DATA SUPPLIED Start Marker
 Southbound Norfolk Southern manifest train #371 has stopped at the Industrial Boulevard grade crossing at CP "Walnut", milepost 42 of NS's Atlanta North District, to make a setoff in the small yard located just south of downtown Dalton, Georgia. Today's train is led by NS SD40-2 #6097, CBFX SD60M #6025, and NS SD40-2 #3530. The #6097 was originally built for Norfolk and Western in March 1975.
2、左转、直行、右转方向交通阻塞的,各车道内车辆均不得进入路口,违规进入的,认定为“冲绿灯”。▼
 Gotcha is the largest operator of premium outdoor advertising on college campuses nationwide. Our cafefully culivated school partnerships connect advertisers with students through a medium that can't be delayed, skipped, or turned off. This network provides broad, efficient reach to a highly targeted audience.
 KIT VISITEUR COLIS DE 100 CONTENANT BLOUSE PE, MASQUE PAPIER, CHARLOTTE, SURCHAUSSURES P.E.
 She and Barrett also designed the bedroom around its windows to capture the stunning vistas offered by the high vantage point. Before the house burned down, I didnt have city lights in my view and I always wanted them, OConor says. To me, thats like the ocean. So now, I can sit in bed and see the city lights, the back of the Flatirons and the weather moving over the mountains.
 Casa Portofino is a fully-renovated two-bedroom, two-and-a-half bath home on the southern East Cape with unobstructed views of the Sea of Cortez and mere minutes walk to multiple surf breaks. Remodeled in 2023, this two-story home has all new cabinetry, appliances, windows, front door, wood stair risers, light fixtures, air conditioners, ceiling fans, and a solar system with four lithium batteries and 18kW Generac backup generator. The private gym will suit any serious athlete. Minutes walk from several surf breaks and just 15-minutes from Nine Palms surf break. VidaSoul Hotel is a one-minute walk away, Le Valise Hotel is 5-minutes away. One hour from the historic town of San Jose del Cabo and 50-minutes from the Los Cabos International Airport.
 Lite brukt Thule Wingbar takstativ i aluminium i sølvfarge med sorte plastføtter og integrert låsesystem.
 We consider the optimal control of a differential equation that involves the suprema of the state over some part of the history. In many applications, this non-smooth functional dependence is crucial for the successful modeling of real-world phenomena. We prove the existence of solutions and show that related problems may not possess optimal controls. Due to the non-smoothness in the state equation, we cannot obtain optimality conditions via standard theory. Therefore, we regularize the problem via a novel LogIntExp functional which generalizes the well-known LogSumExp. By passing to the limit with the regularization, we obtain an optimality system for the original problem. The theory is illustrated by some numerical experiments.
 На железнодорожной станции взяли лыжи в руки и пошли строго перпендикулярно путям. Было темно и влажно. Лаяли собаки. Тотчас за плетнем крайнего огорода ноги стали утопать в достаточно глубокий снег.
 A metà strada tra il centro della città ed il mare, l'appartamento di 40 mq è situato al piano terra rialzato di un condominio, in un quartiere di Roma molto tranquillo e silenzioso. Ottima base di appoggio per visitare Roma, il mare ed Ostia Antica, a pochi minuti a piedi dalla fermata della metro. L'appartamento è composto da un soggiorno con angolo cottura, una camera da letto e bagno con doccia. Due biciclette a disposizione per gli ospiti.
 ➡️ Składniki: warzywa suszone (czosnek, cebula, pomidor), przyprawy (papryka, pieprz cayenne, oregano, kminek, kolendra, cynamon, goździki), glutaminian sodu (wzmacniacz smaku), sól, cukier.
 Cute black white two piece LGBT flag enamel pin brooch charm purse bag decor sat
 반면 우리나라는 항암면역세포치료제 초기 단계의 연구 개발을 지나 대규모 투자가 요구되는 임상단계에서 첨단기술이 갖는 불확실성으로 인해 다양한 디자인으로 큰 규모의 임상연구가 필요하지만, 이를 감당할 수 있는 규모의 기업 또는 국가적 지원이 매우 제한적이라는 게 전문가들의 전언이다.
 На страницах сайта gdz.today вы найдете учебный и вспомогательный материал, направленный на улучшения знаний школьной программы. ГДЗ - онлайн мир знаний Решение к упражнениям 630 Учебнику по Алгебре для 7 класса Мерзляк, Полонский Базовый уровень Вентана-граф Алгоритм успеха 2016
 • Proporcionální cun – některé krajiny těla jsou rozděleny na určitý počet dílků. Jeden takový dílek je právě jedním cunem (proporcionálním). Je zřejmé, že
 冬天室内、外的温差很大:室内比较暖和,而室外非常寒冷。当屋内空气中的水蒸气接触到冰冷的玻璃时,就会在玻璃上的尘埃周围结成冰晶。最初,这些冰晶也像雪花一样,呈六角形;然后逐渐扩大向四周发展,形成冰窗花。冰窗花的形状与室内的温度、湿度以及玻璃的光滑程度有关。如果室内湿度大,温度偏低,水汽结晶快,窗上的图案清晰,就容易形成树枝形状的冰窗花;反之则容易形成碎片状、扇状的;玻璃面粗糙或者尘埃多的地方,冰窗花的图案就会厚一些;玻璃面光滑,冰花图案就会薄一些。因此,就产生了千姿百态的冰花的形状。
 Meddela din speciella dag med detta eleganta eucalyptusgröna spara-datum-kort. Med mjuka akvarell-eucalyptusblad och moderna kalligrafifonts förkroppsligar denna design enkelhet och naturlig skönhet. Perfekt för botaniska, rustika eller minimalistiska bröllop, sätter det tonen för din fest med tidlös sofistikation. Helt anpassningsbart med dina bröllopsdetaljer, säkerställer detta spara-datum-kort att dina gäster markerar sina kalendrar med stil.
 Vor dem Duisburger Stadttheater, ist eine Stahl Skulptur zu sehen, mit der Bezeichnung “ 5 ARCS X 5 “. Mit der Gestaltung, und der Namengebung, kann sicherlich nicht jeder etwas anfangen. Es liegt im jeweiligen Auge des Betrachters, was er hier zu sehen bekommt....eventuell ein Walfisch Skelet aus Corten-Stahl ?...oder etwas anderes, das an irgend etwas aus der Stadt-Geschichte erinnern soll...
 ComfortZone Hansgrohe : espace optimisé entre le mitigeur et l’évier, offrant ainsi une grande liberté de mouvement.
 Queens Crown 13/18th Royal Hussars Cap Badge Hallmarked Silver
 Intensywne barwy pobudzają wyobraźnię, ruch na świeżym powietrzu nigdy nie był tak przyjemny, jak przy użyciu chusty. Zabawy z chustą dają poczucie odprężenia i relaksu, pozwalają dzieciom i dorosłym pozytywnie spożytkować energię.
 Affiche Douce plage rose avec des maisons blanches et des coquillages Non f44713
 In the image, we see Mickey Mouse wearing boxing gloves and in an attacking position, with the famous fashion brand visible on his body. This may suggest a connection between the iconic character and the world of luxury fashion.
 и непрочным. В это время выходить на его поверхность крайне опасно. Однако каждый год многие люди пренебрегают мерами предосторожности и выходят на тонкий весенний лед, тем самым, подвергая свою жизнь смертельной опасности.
DATA SUPPLIED End Marker
## WHAT TO WORK ON:
Your answer must consist solely of the lines above between the line holding "smaku), sól, cukier." and the line holding "冬天室内、外的温差很大:室内", inclusive, copied exactly.

## ANSWER AREA:
 ➡️ Składniki: warzywa suszone (czosnek, cebula, pomidor), przyprawy (papryka, pieprz cayenne, oregano, kminek, kolendra, cynamon, goździki), glutaminian sodu (wzmacniacz smaku), sól, cukier.
 Cute black white two piece LGBT flag enamel pin brooch charm purse bag decor sat
 반면 우리나라는 항암면역세포치료제 초기 단계의 연구 개발을 지나 대규모 투자가 요구되는 임상단계에서 첨단기술이 갖는 불확실성으로 인해 다양한 디자인으로 큰 규모의 임상연구가 필요하지만, 이를 감당할 수 있는 규모의 기업 또는 국가적 지원이 매우 제한적이라는 게 전문가들의 전언이다.
 На страницах сайта gdz.today вы найдете учебный и вспомогательный материал, направленный на улучшения знаний школьной программы. ГДЗ - онлайн мир знаний Решение к упражнениям 630 Учебнику по Алгебре для 7 класса Мерзляк, Полонский Базовый уровень Вентана-граф Алгоритм успеха 2016
 • Proporcionální cun – některé krajiny těla jsou rozděleny na určitý počet dílků. Jeden takový dílek je právě jedním cunem (proporcionálním). Je zřejmé, že
 冬天室内、外的温差很大:室内比较暖和,而室外非常寒冷。当屋内空气中的水蒸气接触到冰冷的玻璃时,就会在玻璃上的尘埃周围结成冰晶。最初,这些冰晶也像雪花一样,呈六角形;然后逐渐扩大向四周发展,形成冰窗花。冰窗花的形状与室内的温度、湿度以及玻璃的光滑程度有关。如果室内湿度大,温度偏低,水汽结晶快,窗上的图案清晰,就容易形成树枝形状的冰窗花;反之则容易形成碎片状、扇状的;玻璃面粗糙或者尘埃多的地方,冰窗花的图案就会厚一些;玻璃面光滑,冰花图案就会薄一些。因此,就产生了千姿百态的冰花的形状。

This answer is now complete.